Wie ein Gewitter plötzlich den Unvorbereiteten in Einsamkeit überfällt. Nachdem er in Traum und Tag Jahre hindurch alle Sprüche, Wünsche, Verschwörungen vergeblich abgelebt, öffnete sich auf das Zeichen, geheimnisvoll seinem Finger entschlüpfend, der Berg Sesam.

Ihn enttäuschte fast, niederschmetterte diese Überraschung: Weder war es nötig gewesen eigenes Gewissen zu morden oder Warnungen von Vater, Mutter, Arzt und Priester zu betäuben, noch des Mädchens zu zerbrechen, ihre Natur zu zersetzen. Obwohl an ihrer Unschuld, ihrem Vorurteil nicht zu zweifeln war.

Aus Lust, Glut, Überkraft erstickte er alle Hemmungen, lösten sich alle Bildung, Geschichte, Erziehung in Atmosphäre überwältigter Liebe, der auch Dora alle Romantik willig unterwarf.
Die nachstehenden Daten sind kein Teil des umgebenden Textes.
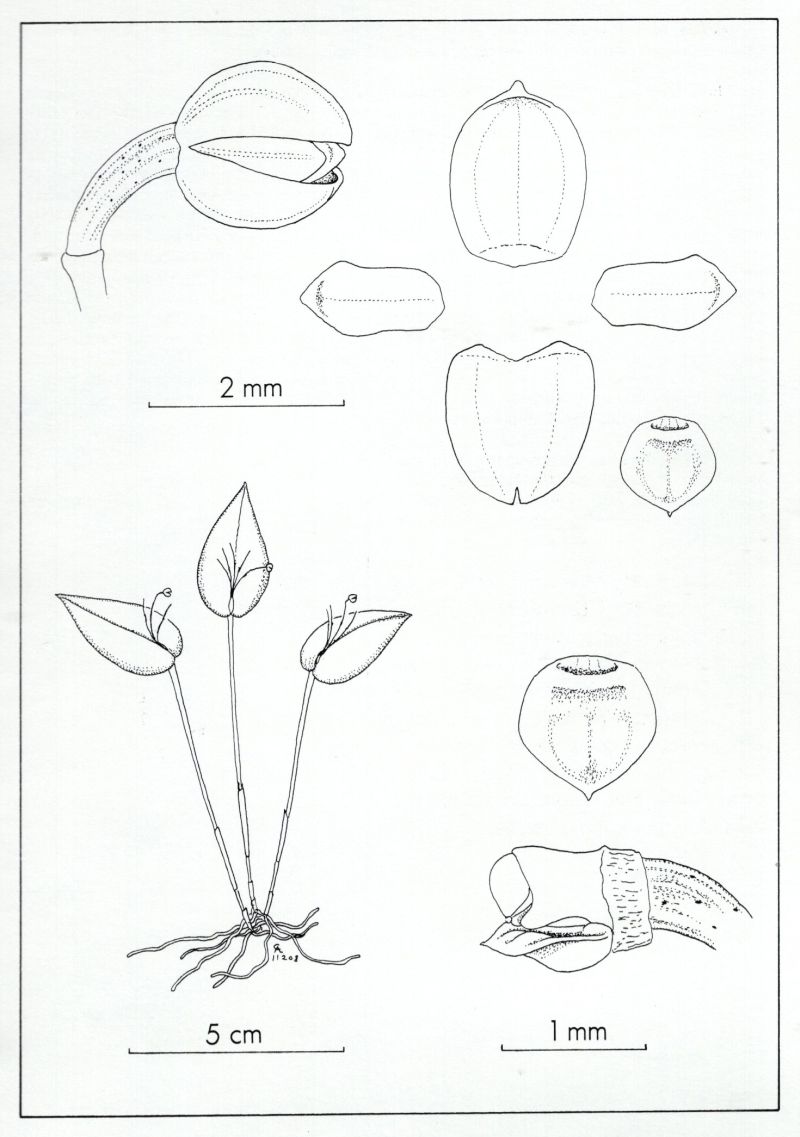 Found in Ecuador in cloud forests at elevations 500 to 1650 meters as a miniaturesized, warm to cool growing epiphyte with erect, slender, laterally compressed above the middle, subtended by 2 to 3 sheaths and another above the base carrying a coriaceous, somewhat spreading, ovate, acute leaf with a rounded, shallowly cordate, sessile base that blooms at most any time of the year on a 1/2" [1.25 cm] long, fascile of solitary, successive flowers arising from aa reclining spathe with glabrous, snow white flowers.

So hatte sich diese erste Nacht beiden ergeben mit der Selbstverständlichkeit einer Traumhandlung, deren Logik in Freiheit von jeder Form der Gesellschaft ruhte.

Diese Nacht ruhte die Ewigkeit. — Sie stand zwischen den Zeiten, zwischen allen Schicksalen, lautloses Intervall.

Befreit von den Menschen, gesprengt Ordnung, Gesetz, Gewalt der Eltern; es gab Sieger und Besiegte, klares Los.

Spielend gestalteten Hand und Mund mit gefährlicher Kühnheit alle Schwierigkeit, alle Eifersucht zu Bildern, ohne Bosheit heimlicher Angst seine Worte und Blicke klar einen Wald, in dem sie sich gerne verliefen.

Voll Glück verlor er Gewalt über Glieder und Gedanken, er zauberte jeden Augenblick als Vollendung des Genusses, eder das Ziel, hinter dem Abschied nichts Böses mehr enthielt.

Atemlose Stärke durchpulste ihn: Ich kann Böses tun, ich bin gütig.

So hatte er sich ihrer, die ihm schon gehörte, mit sanfter Schamlosigkeit bemächtigt, der in stummen Minuten, wenn Atem und Blick im Takt gingen, lächelndes Erstaunen den Ton eines Sommerspieles gab, das ein verstecktes Tuch oder ein Ball lustig bewegt.